26 February 2016

Is it time for corporate hospitality to be banned?

James Daley

By James Daley LinkedIn

Insurance companies and fund managers take their favourite financial advisers to the races or the football all the time. Surely, their independence is compromised.

Corporate entertaining has long been a part of the way that people do business – not just in the UK, but the world over.

Full disclosure: in my days as a journalist, I was the beneficiary of many a trip to the football or the races – even some trips abroad. And whatever the event, no expense was ever spared. From a weekend at the Ice Hotel in Sweden, to Champions League semi-finals, to Radiohead concerts, to speed boating down the River Thames.

Ironically, I was wined, dined and treated to weekends abroad the most when I was at the Independent - the time in my life when objectively I was the least independent I've ever been.

In the name of love

In my line of business, the justification was the same as it is everywhere else – “it’s all about relationship building”.

But while it’s undoubtedly true that spending a day out with a contact can cement a better relationship than might be possible over a coffee or a sandwich – the harsh truth is that better relationships lead to bias and prejudice.

Earlier this week, Money Marketing reported that the Financial Conduct Authority may be mounting something of a clampdown on this type of hospitality - after it wrote a letter to a major insurer, warning that it took a dim view of some of its corporate entertaining.

Although it's not something that either the entertainers or the clients will want to here - deep down I think everyone knows that there's something a bit fishy about the world of hospitality.

Are you really independent?

If you’re an Independent Financial Adviser, your job is to sell the most suitable products to your client. But if you start to take hospitality from one or more providers, your independence is compromised.

An IFA might argue that if two products are identical, then why should it matter? The answer to that question is that two companies are never the same. They may offer identical products, but when it comes to service and conduct there may be big differences. And I'd bet that there's an inverse correlation between the amount of hospitality that companies offer, and their customer service.

We all like to think that we’re able to keep our independence, even if one insurer is entertaining us and another isn’t. I spent years as a journalist telling myself that lie.

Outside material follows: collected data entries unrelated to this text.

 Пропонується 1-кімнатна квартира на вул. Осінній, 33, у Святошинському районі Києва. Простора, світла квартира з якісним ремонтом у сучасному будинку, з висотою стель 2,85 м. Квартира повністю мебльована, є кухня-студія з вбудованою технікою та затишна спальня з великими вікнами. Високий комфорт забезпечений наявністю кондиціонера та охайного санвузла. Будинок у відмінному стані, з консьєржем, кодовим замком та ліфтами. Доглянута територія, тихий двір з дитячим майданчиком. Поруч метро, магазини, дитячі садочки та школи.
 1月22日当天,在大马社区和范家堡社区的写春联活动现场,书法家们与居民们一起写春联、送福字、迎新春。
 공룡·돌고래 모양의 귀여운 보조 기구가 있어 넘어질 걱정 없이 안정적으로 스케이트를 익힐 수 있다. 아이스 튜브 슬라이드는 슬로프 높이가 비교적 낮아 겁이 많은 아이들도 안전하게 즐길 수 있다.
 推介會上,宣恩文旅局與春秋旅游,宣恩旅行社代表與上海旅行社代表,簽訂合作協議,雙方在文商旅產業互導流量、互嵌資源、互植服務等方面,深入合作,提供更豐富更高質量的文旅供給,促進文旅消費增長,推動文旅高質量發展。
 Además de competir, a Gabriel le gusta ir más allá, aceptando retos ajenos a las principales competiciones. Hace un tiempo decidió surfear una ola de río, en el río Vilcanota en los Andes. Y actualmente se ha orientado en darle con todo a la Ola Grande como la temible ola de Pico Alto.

But the reason companies plough millions into corporate entertaining is that it works. Journalists are more likely to quote – or given an easier time to – the people who have wined and dined them. IFAs are more likely to push more business towards a provider that has given them the five star treatment.

For journalists, that means that you can’t trust everything you read in the papers. Not exactly a revelation. For IFAs, it means that customers may be getting a bad deal because they’ve got a soft spot for a provider who takes them to Champions League footie matches.

The regulator is right to crack down on these kind of inducements. It won’t be popular – but that’s why it’s a job for the regulator. Left to their own devices, companies would never give it up, and IFAs would never ask them to.